Find the sum of all the multiples of 3 or 5 below 1000 (Break down)

Question

I know that this has been posted before but I can't grasp how it actually works. I'm a 16 year old in the 10th grade and am interested in algorithms. I've looked in multiple places on the web but am unable to find a step by step breakdown of how this equation works. I want to understand the different parts. Thanks

Question: Find the sum of all the multiples of 3 or 5 below 1000

\begin{eqnarray} \sum_{k_{1} = 1}^{333} 3k_{1} + \sum_{k_{2} = 1}^{199} 5 k_{2} - \sum_{k_{3} =1}^{66} 15 k_{3} = 166833 + 99500 - 33165 = 233168, \end{eqnarray} where we have the used the identity \begin{eqnarray} \sum_{k = 1}^{n} k = \tfrac{1}{2} n(n+1). \end{eqnarray}

Original Post: Find the sum of all the multiples of 3 or 5 below 1000

Answer 1

• $\sum_{k_{1} = 1}^{333}3k_{1}$

Here you are sum up all numbers, which are multiples of 3: $3,6,9,12,**15**,18,21,...,**990**,993,996,999.$

$3\cdot 333=999$. That's why the upper bound is 333.

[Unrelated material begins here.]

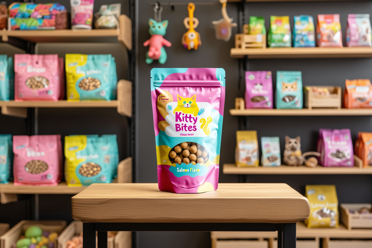 Promt: Colorful collection of soft fluffy cat toys in coordinating pastel colors
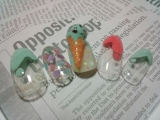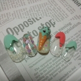 ジェルネイルLaso pro.ファンサイト参加中パーツネイルまとめなんつってモニター記事終わりとみせかけてまた作ってみたよ(^-^)パーツネイル楽しい(*´罒`*)♡さくらもちネイルやってみて、これ、アイスもいけんじゃない?と思って作ってみたのさくらもちってーと春モノだけど、アイスなら夏もいけるよ!出来上がりはこちらっアイスどどーん!大好きなチョコミントアイスー♡メインのアイスクリームは…まずはジェルシートをまるめてコーン部分を。ミルキーカラーのオレンジで作ったよ。そこに、パステルにゃんこネイルでも作ったジェルボール。PS-11で色付けして、ブラウンのジェルでチョコをちょちょっと塗って、コーン部分とドッキングー強度のために、ドッキング前にコーンの中をクリアで埋めて、そのあとクリアでくっつけたよ。アイスの指のベースはPS-01をベタ塗して、オーロラパステルなホロを散りばめて。のっけたあとにアイスとろけさせたり、コーンのあみあみ描いたり。シートの時点で書くかはお好みで。人差し指はJR-02の上にハートのホロ♡JR-02が万能!細筆で流線意識して置いても、全体的に塗っても◎今回は全面塗り(一度塗り)ほかの指はPS-05とPS-11でメルティフレンチ(正式名称わからん←)親指にはPS-01でsweetって書いてあるよん。さくらもちと作り方似てるし、ジェルボールは他のモニターさんもやってるみたいで技法重複しまくりですが(^_^;)ジェルでもこういうパーツが作れるよってアピール出来たかなと。自分で作っておいて可愛い(・∀・)九段の大好きなアイスクリンだよーゲームの中で食べてるのはコーンのじゃないと思うけど、現代にきた九段なら31通いつめてそうだものwwシベリア(秋兵)とか卵焼き(虎)とかコロッケ(有馬)ならジェルでも作れる気がしてきた 笑遙か6ごちそうネイルもよいねー 笑

To calculate $\sum_{k_{1} = 1}^{333}3k_{1}$ you can factor out 3:

$\sum_{k_{1} = 1}^{333}3k_{1}$

Now you can use the identity to calculate it:

$$\sum_{k_{1} = 1}^{333}3k_{1}=3\cdot \frac{333\cdot(334+1)}{2}=3\cdot 333\cdot \frac{334}{2}=3\cdot 333\cdot 167=166833 $$

• $ \sum_{k_{2} = 1}^{199} 5 k_{2}$

Here you are sum up all numbers, which are multiples of 5: $5,10,15,20,25,30,35,...,990,995.$

$5\cdot 199=995$. That's why the upper bound is 199.

You can see, that, for example, the numbers 15 and 990 are counted twice. You are counting all numbers twice, which are multiples of 15. Thus you have to substract them.

Finally, to know the upper bound of the third series, how many multiples of 15 should you subtract, divide 990 by 15 = 66.